Another thing to note is that if one wants their pseudo elements to appear behind their parent element, the pseudo element must have a negative z-index and the parent cannot have a stacking other than the default, which means you can’t apply a z-index or anything else that takes the parent out of its natural stacking context.

One last trick dealing with z-index is one that deals with opacity. Whenever an element is given an opacity other than the default “1”, it gains its own stacking context. For more information on this, check out Philip Walton’s post

Get inspired

Whether it’s something you see in the real world, an interesting web page that you find online, part of a video intro, a gif, or something else entirely, find things that you think may be possible to create and try to do so!
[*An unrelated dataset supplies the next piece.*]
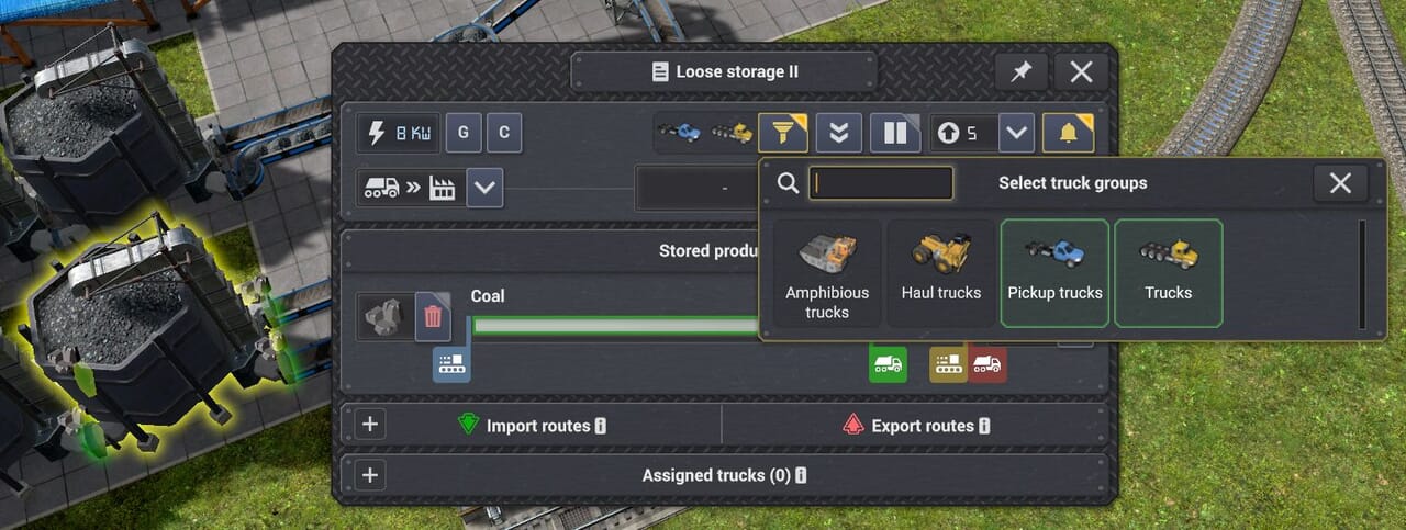 「区域と割り当て」タブでは特定の種類のトラックに通常業務や建設業務を禁止できる。水陸両用トラックには通常のトラックが現場に到達できない場合に限り建設業務を担当するオプションがある。

I have found that not looking at how the original author created it enables me to learn, to create it in a unique style, and sometimes even do it in a more efficient manor. Even if I end up failing at my original intention, I always become more comfortable with or learn more about the language I’m using. Often times I have something to show for it, even if it’s not as grand as I would had originally hoped. Other times I’m completely surprised by how awesome my creation is when I didn’t even mean for it to be!

I hope that this article helps you construct more awesome creations, even if you learned nothing from the specific techniques!